Ukrainian conductor and composer (1936–2026)

Roman (Avraham) Isaakovych Kofman (Роман (Аврaам) Ісаaкович Кофман, 15 June 1936 – 24 February 2026) was a Ukrainian conductor, violinist, composer, music educator and People's Artist of Ukraine (2003). He was internationally known as concertmaster, co-founder and later artistic director of the Kyiv Chamber Orchestra, and as Generalmusikdirektor of the Beethoven Orchester Bonn from 2003 to 2008, when he was awarded the Order of Merit of the Federal Republic of Germany. He was principal conductor of the National Philharmonic of Ukraine from 2012.

==Life and career==
Roman (Avraham) Isaakovych Kofman was born on 15 June 1936 in Kyiv, Ukrainian SSR. He graduated from the State Conservatory (now the Ukrainian National Academy of Music) with a degree in violin, and a degree in conducting. He soon worked also in the Soviet Union and especially regularly at the Warsaw Opera, but was restricted from work in Western countries from 1973 to 1989. From 1963, he worked as a concertmaster of the Kyiv Chamber Orchestra that he co-founded.

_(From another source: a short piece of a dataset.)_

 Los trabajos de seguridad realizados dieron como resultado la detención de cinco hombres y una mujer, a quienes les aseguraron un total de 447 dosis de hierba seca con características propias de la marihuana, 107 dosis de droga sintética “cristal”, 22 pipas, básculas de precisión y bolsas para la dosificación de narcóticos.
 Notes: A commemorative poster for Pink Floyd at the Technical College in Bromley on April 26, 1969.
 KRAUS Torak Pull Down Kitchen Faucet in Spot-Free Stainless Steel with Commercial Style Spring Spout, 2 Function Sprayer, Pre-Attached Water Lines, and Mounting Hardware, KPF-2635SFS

As a conductor, he performed with more than 70 orchestras and ensembles from around the world, in Italy, Austria, Canada, Mexico, the Netherlands, and the United States. He conducted the WDR Symphony Orchestra Cologne, the Bern Symphony Orchestra, orchestra of the Bayerischer Rundfunk, and the Munich Philharmonic.

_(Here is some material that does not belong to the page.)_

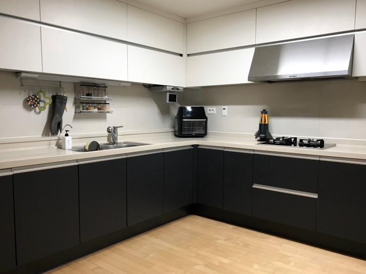 싱크대 상하부장을 셀프페인팅한 주방이에요.
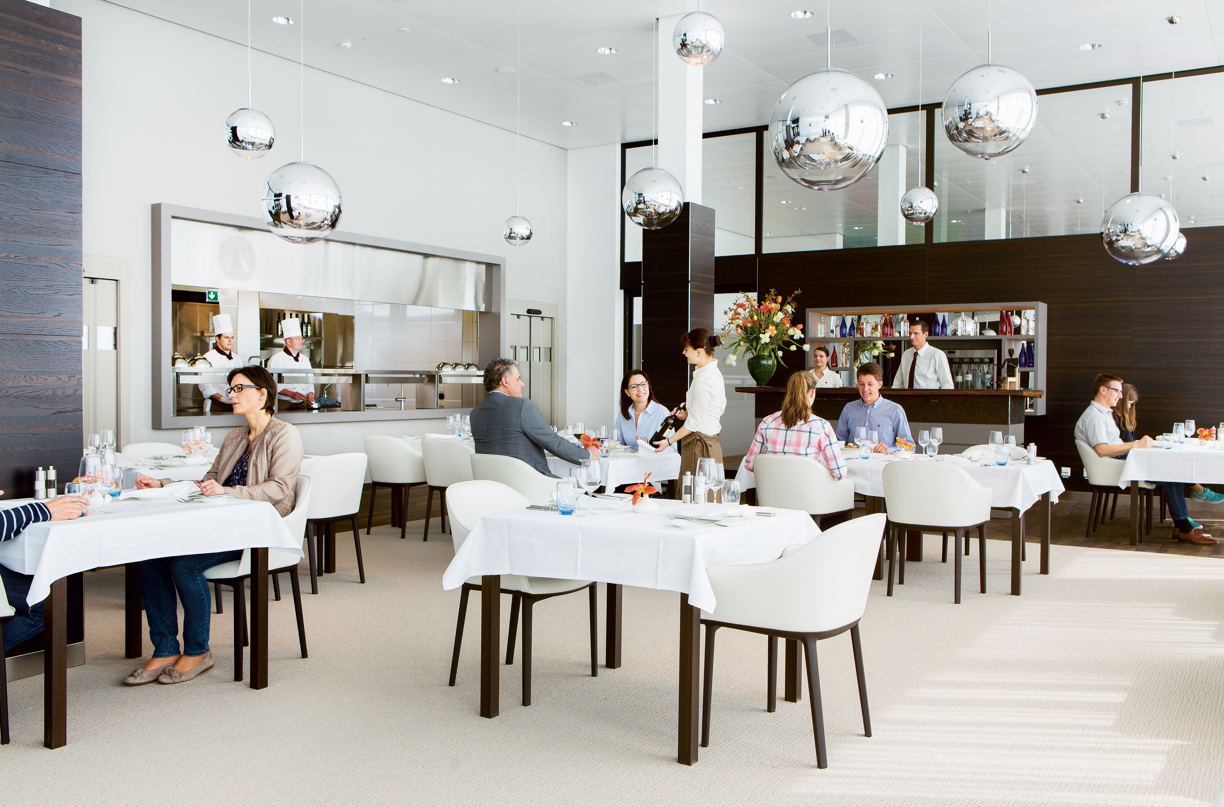 Die lichtdurchfluteten Räumlichkeiten des Restaurants Mercato.

Between 2003 and 2008, Kofman worked in Germany as the Generalmusikdirektor in Bonn, leading the Beethoven Orchester Bonn and the Bonn Opera, in his first season there conducting Alban Berg's Lulu and Verdi's Macbeth. He programmed all of the Shostakovich symphonies during his tenure.

Kofman was the principal conductor of the Kyiv Chamber Orchestra from 1990 until his death in 2026. He led the symphony orchestra of the National Philharmonic of Ukraine from 2012. Kofman also composed film music. In 2011, he published a literary book containing two short autobiographical novels.

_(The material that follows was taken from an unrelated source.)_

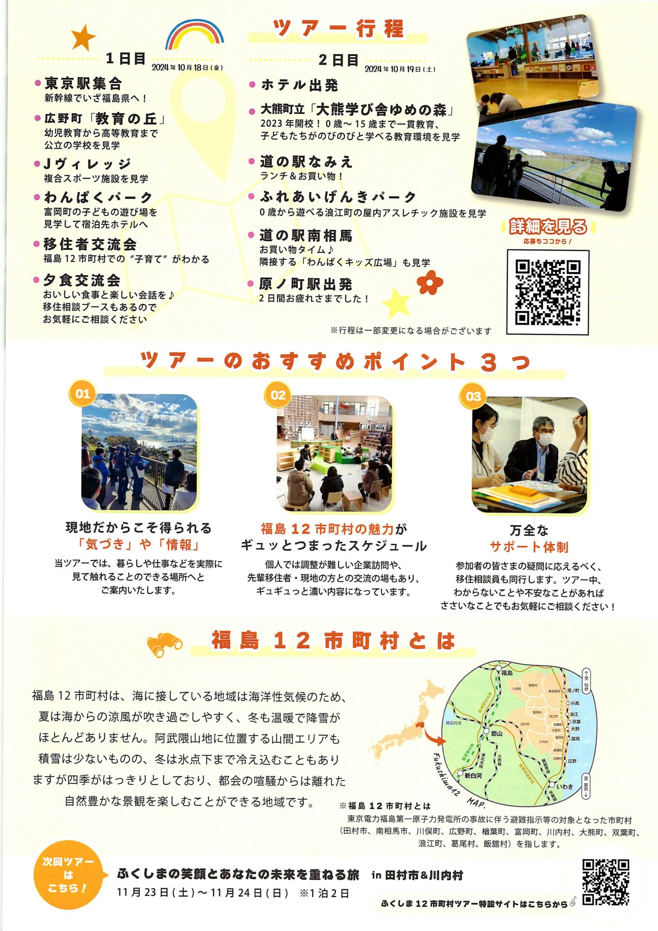 主催/企画/運営 | 主催:(公財)福島イノベーション・コースト機構 ふくしま12市町村移住支援センター 募集企画:ディップ(株) 旅行実施:(株)JTB |

Kofman died on 24 February 2026, at the age of 89.

==Awards==
Kofman was awarded the titles of Merited Artist of Ukraine and People's Artist of Ukraine. He was also awarded the Officer’s Cross First Class of the Order of Merit of the Federal Republic of Germany. He received the Echo Klassik award in 2007, and in 2011 was shortlisted for the Shevchenko National Prize.